From the entries below, retype only the lines from the one with "PC167HM4T2 2021-03-01 [Link]" through the one with "The short answer: All", exactly as written.

Entries supplied START

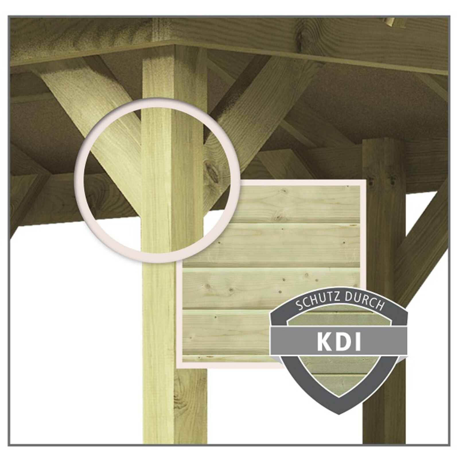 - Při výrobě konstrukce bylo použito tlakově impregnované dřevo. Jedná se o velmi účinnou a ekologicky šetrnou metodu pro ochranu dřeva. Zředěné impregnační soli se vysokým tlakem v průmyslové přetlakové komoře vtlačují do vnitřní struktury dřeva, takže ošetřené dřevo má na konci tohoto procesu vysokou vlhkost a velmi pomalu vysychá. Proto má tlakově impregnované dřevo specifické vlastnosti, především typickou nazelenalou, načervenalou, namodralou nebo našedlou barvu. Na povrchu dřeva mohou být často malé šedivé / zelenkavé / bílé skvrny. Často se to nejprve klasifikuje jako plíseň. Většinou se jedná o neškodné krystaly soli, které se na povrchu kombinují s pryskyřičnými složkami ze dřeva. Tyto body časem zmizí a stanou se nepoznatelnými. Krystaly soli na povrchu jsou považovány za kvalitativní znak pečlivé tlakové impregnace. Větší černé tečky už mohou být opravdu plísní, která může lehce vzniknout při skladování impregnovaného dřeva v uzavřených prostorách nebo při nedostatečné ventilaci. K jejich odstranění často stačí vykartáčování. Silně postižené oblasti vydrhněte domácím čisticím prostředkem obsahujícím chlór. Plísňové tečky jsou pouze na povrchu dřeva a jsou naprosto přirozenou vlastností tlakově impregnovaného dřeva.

Entries supplied END
Entries supplied START

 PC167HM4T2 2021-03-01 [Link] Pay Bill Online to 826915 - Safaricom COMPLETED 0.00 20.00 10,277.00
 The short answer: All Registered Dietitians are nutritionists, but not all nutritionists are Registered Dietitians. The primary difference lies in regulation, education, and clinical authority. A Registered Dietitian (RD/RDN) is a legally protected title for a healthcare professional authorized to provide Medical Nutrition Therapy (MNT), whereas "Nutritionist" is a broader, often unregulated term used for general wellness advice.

Entries supplied END

◆ **Result**
 PC167HM4T2 2021-03-01 [Link] Pay Bill Online to 826915 - Safaricom COMPLETED 0.00 20.00 10,277.00
 The short answer: All Registered Dietitians are nutritionists, but not all nutritionists are Registered Dietitians. The primary difference lies in regulation, education, and clinical authority. A Registered Dietitian (RD/RDN) is a legally protected title for a healthcare professional authorized to provide Medical Nutrition Therapy (MNT), whereas "Nutritionist" is a broader, often unregulated term used for general wellness advice.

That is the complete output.